SEC Says Private Investor Standards May Be Out of Date

December 18, 2015

The U.S. Securities and Exchange Commission (SEC) says it may be time to change the rules governing who can participate as “accredited investors” in private securities transactions. One change being discussed is an increase in income and wealth levels of participants, according to Law360.

The comments, contained in a recently-released SEC staff report, said those rules have not been changed or reviewed since 1982, when they were first adopted.

Fenwick partner Stephen M. Graham, who co-chairs the SEC’s Advisory Committee on Small and Emerging Companies, spoke with Law360 about the proposed changes. He said the SEC’s staff recommendations do not appear to differ significantly from the aims of the committee. But he said radical changes in the definition would not be a good idea.

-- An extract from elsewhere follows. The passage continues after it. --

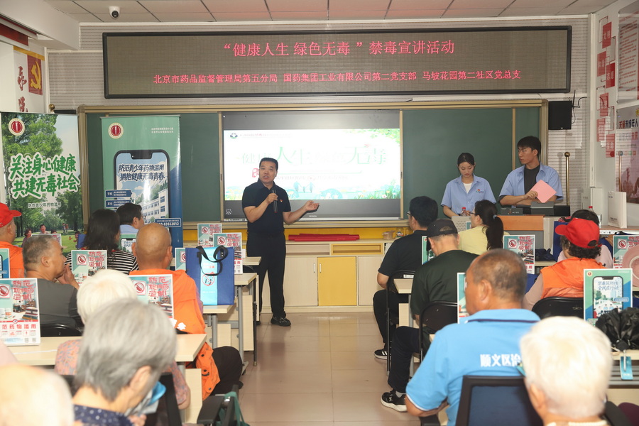 為深化黨建引領(lǐng)作用,踐行社會(huì)責(zé)任,6月27日,國(guó)藥工業(yè)第二黨支部創(chuàng)新主題黨日活動(dòng)形式,聯(lián)合北京市藥品監(jiān)督管理局第五分局,深入馬坡花園第二社區(qū),共同開(kāi)展了一場(chǎng)主題鮮明、內(nèi)容豐富的“健康人生,綠色無(wú)毒”禁毒宣傳主題黨日活動(dòng),將禁毒知識(shí)精準(zhǔn)送達(dá)居民身邊,筑牢社區(qū)安全防線。北京市藥監(jiān)局第五分局副局長(zhǎng)高興旺、馬坡花園第二社區(qū)書(shū)記岳佳、國(guó)藥工業(yè)第二黨支部書(shū)記王向揚(yáng)和黨員、積極分子等參加了活動(dòng)。

“There is a sector of our economy that is highly dependent on these financings by angel investors that fit the definition of an accredited investor,” he said. “This is one part of the capital formation ecosystem for small and emerging companies that actually works.”

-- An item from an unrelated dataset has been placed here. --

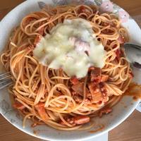 ナポリタンが辛いのがとても新鮮で美味しかった!チーズを焼くと少しカリッとして普通に溶かすより良かったです!

The definition review was required under the Dodd-Frank Act.

Investors are accredited if their annual incomes exceed $200,000, or if their net worth exceeds $1 million (not including the value of their primary residences). But the SEC staff said those amounts are less valuable now than they were in 1982, when the rules were first adopted.

According to the staff report, the SEC might consider other ways in which investors might demonstrate their abilities to cope with the risks of registration-exempt securities. The SEC will accept public comments on the staff proposals.

Graham’s service on the SEC advisory committee earned him inclusion on the Washington Post’s list of the nineteen most influential people in D.C. who can affect your small business.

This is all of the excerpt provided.